Sam Rockwell (enorme) è attore
unico di questo piccolo – solo
in termini di budget – gioiello
intimista e claustrofobico, che sviluppa la sua trama a partire da
una semplice considerazione: se
decidessimo di fare affari nello
spazio profondo saremmo senza
scrupoli come siamo da sempre
sulla Terra? La risposta fa paura
e l’ipotesi è cervellotica come nei
migliori esempi degli anni 70 e
80 (ricorda Solaris, Atmosfera
zero e 2002: la seconda odissea). Duncan Jones approda alla
regia omaggiando cinema e letteratura. Sorride GERTY, il robot
di bordo che ha la voce di Kevin Spacey. Ricorda, in versione
edulcorata, HAL 9000 di 2001:
Odissea nello spazio.

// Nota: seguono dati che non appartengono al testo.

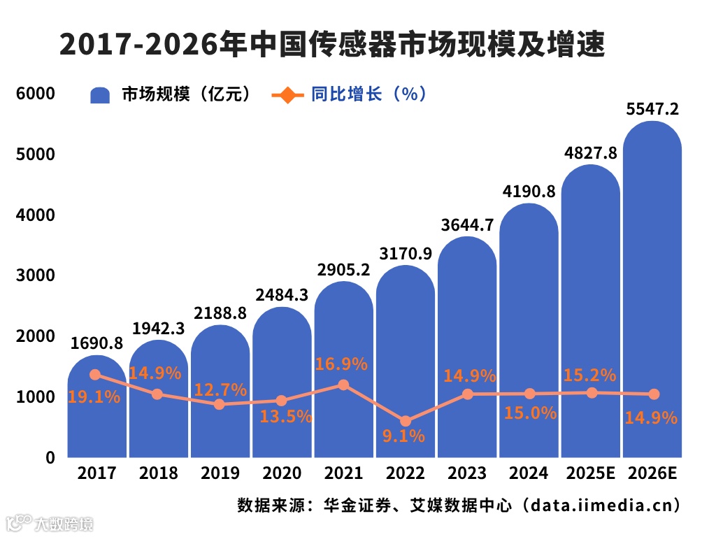 传感器作为具身智能感知物理世界的“核心感官”,在新能源汽车、工业自动化等领域智能化需求攀升带动下,其市场稳步扩容。数据显示,2023年全球传感器市场规模约2269亿美元,预计2034年达5510.3亿美元,复合年增长率8.4%;其中,中国传感器市场规模发展迅速,2024年规模为4190.8亿元、同比增15.0%,预计2026年将达5547.2亿元。

Il rigore
lirico della macchina da presa
fa il resto, restituendo al grande
schermo un’idea di fantascienza,
filosofica e profonda, da tempo
perduta.
FilmTv
Abituati a identificare il genere
fantascientifico con i successi delle ultime stagioni, dove l’accento
è messo soprattutto sugli effetti
speciali e le visioni apocalittiche
del nostro futuro, rischiamo di
dimenticare che la fantascienza può essere anche un genere
«intimista», riflessivo, dove l’ambientazione in un futuro prossimo
diventa pretesto per affrontare,
da nuove prospettive, temi «eterni» come la condizione umana
e i suoi dilemmi morali. Se ne
è ricordato l’esordiente Duncan
Jones, apprezzato regista trentottenne di spot e videoclip, dietro
il cui nome più o meno anonimo
si «nasconde» il figlio di David
Bowie e della sua prima moglie
Mary Angela Barnett, lo stesso a
cui il padre dedicava la canzone
Kooks. Per il suo esordio nel lungometraggio, dopo una gavetta
come operatore di macchina (anche per Tony Scott) e poi regista
pubblicitario, Jones ha scelto di
recuperare le atmosfere della fantascienza anni Settanta, soprattutto quella di film come 2002,
la seconda Odissea di Douglas
Trumbull o come Outland di Peter
Hyams, dove al centro del plot
c’era l’uomo e le sue domande
sulla difficoltà di essere in sintonia con il mondo delle macchine
e del business. Moon si svolge
naturalmente sulla Luna, ma nella
parte che non si vede mai dalla
Terra. È qui che la società energetica Lunar ha la base per raccogliere l’elio 3, un isotopo non
radioattivo dell’elio che ha risolto
i problemi di inquinamento e di
energia pulita del nostro pianeta.
Lo raccolgono dei giganteschi
«mietitrebbia» che arano la superficie lunare senza bisogno di
guidatori e che devono solo essere svuotati quando i magazzini
sono pieni. Un lavoro che può
svolgere facilmente un uomo da
solo e infatti la base della Lunar
è abitata da un astronauta per
volta, coadiuvato dal simpatico
robot tuttofare Gerty (che in originale ha la voce di Kevin Spacey e in italiano quella del suo
doppiatore Roberto Pedicini).
Non anticipiamo quello che lo
spettatore scoprirà sullo schermo,
ci limitiamo a dire che a un certo punto il film cambia marcia e
intensità, ricollegandosi a quella
fantascienza «umanistica» che interrogava lo spettatore e le sue
angosce. L’odissea esistenziale
di Sam, costretto a fare i conti
con la scoperta della sua «nonunicità» e soprattutto obbligato
a venire a patti con il «bisogno
dell’altro» (che cosa vuol dire rivolgersi a un’immagine registrata
della moglie? Fino a che punto
possono arrivare le nostre aspettative su una persona ridotta allo
stato «virtuale»?) non solo svela
l’altra faccia - come quella della
Luna - dell’avidità commerciale
dei padrini del futuro, ma spinge
lo spettatore a interrogarsi anche
sul bisogno che ogni essere umano ha del confronto con se stesso
e con gli altri (a cominciare dalla
moglie e dai figli), per continuare
con l’ambiguo sogno dell’autoisolamento. Che per il figlio di
una star come Bowie sono domande per niente scontate.